A 98-year-old Chicago man donated $2 million in Walgreens stock to the Illinois Audubon Society, allowing the organization to purchase a 400-acre wildlife sanctuary.
Russ Gremel, 98, has been living in his beloved Chicago for almost his whole life. Even though the city has changed drastically over his lifetime, he still lives in the same house his parents owned, on the same street he grew up on. He never married or had children, but nearly 70 years ago he made a decision to buy some stock for his future.
He put about $1,000 into an up-and-coming pharmacy called Walgreens. He told the Chicago Tribune that he made his decision under the assumption that people would always buy medicine and women would always buy makeup. Having seen his father lose money speculating on the markets, Gremel decided he wanted a sound investment and held on to his Walgreens stock for many years.
That initial purchase, along with Gremel's frugal lifestyle, meant his money grew by leaps and bounds. By the 21st century, the $1,000 investment had grown to more than $2 million.
But Gremel didn't cash out. Instead, the man who loved his Midwestern city and the lands surrounding it decided to use that money to help protect that ground.
Gremel loved to hike and canoe as a young man. After he retired, he became a scoutmaster for several decades, leading other young men into the wilderness to learn about the world and grow. When it came time to allocate his money, he realized he wanted his fortune to go to ensuring people in the future had those same opportunities.
According to USA Today, Gremel approached the Illinois Audubon Society about making a donation back in 2015. The society, it turned out, had been trying to purchase a new property to turn into a wildlife refuge. Gremel loved the project and decided to fund it. The group bought the property for $2.1 million in December 2016.

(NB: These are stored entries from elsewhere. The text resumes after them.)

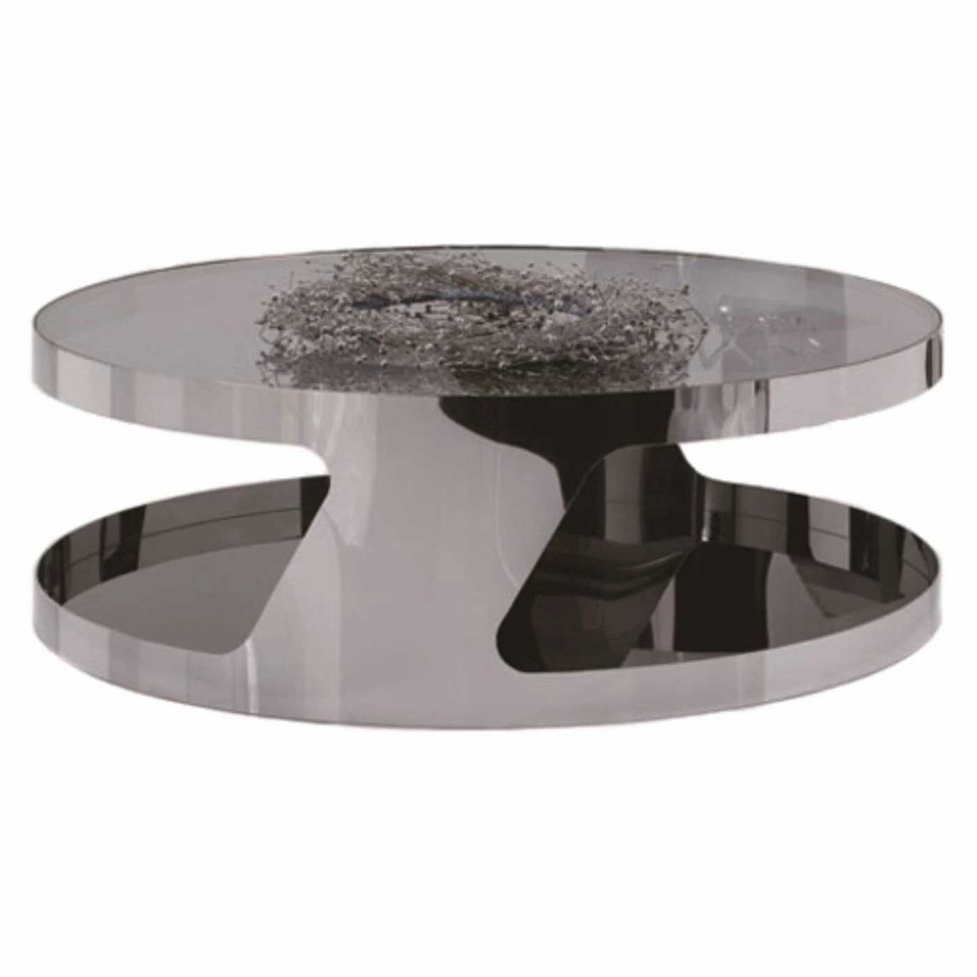 The J & M Furniture 931E Coffee Table will transform the style of your home like a table-sized tornado of shiny chrome. This simple piece has a round frame of metal with a single sheet of tempered glass set into the top of the frame. The tempered glass is tough enough for everyday use, and the black finish of the glass gives it a chic touch. The polished chrome finish adds light and motion to your space while reflecting the style around it. This style is offered in a number of different shapes and sizes, so if it appeals to you, we recommend checking out the other pieces and creating a set for your home.
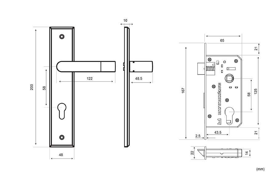 - Tay ốp khóa được sản xuất bằng hợp kim ZDC-2, mạ bạc ti tan.
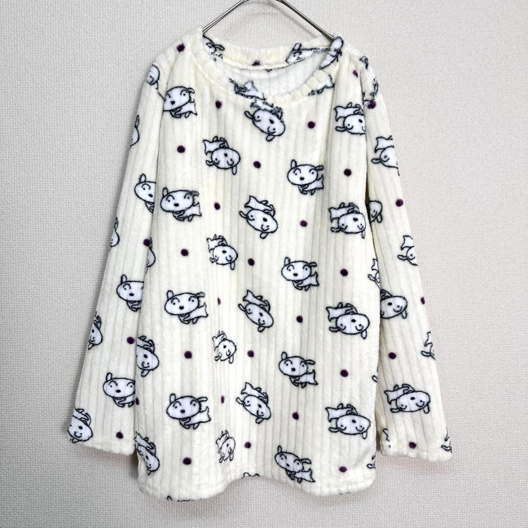クレヨンしんちゃんデザインのパジャマです。ベージュカラーをベースに、キャラクターデザインがアクセントになった可愛らしい一着。リラックスタイムやルームウェアとして活躍するアイテムです。やわらかな印象のカラーで、普段使いしやすいデザインとなっています。
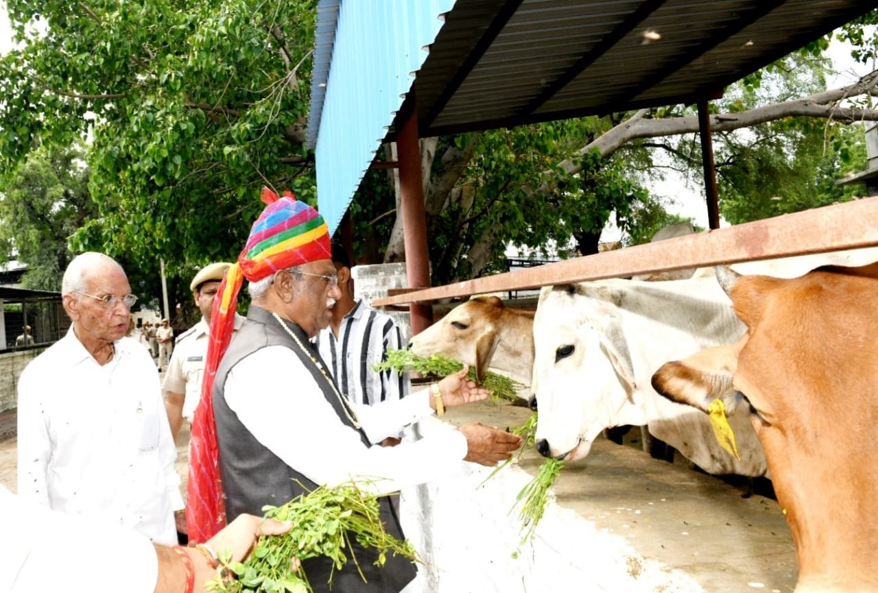 जोधपुर। राज्यपाल हरिभाऊ बागडे ने जन्माष्टमी के अवसर पर श्री कन्हैया गौशाला पहुंचकर वहां भगवान श्री कृष्ण की विधिवत पूजा अर्चना की। उन्होंने बाद में गौशाला में गाय का पूजन कर नन्हे बछड़े का दुलार भी किया। उन्होंने गायों को हरा चारा भी खिलाया। गौशाला का अवलोकन करते हुए उन्होंने गौधन संरक्षण के साथ गौ उत्पादों के प्रभावी विपणन की रणनीति पर कार्य करने पर भी जोर दिया। उन्होंने कन्हैया गौशाला की व्यवस्थाओं, प्रबंधन और गौधन संरक्षण के लिए किए जा रहे कार्यों की सराहना की।
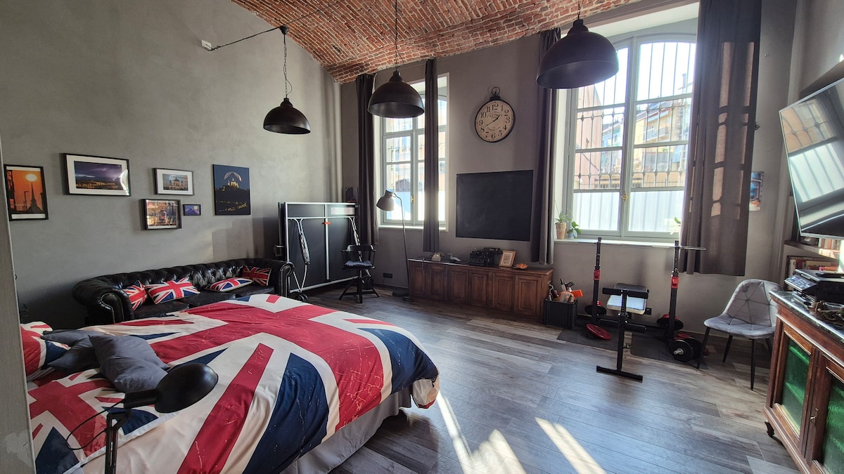 Rymlig och modern vindsvåning, utrustad med Wi-Fi och perfekt även för arbete, ligger bara några minuters promenad från centrum, nås från Porta Nuova och Porta Susa station, lätt att nå med bil och det finns gratis parkering i området. Loftet har ett kök utrustat med alla hushållsapparater, ett stort vardagsrum med TV och en säng, ett badrum med dusch och ett loft med en säng och ett fotbollsbord. Den ligger i ett lugnt område men nära centrum och många restauranger, barer och stormarketer.

On Sunday, June 4, the Gremel Wildlife Sanctuary was dedicated with a trek around the property by Gremel and his former Boy Scouts troop. The area is home to more than 170 species of birds, as well as some rare turtles.
"It's incredibly generous," said Illinois Audubon Society executive director Jim Kerkert. "It's allowing us to protect a really valuable and important piece of property and fulfill one of Russ' wishes that we could find a place where people could come out and experience and enjoy nature the way he did as a kid."
Gremel put it even more simply: "You have to do some good in this world … That's what money is for."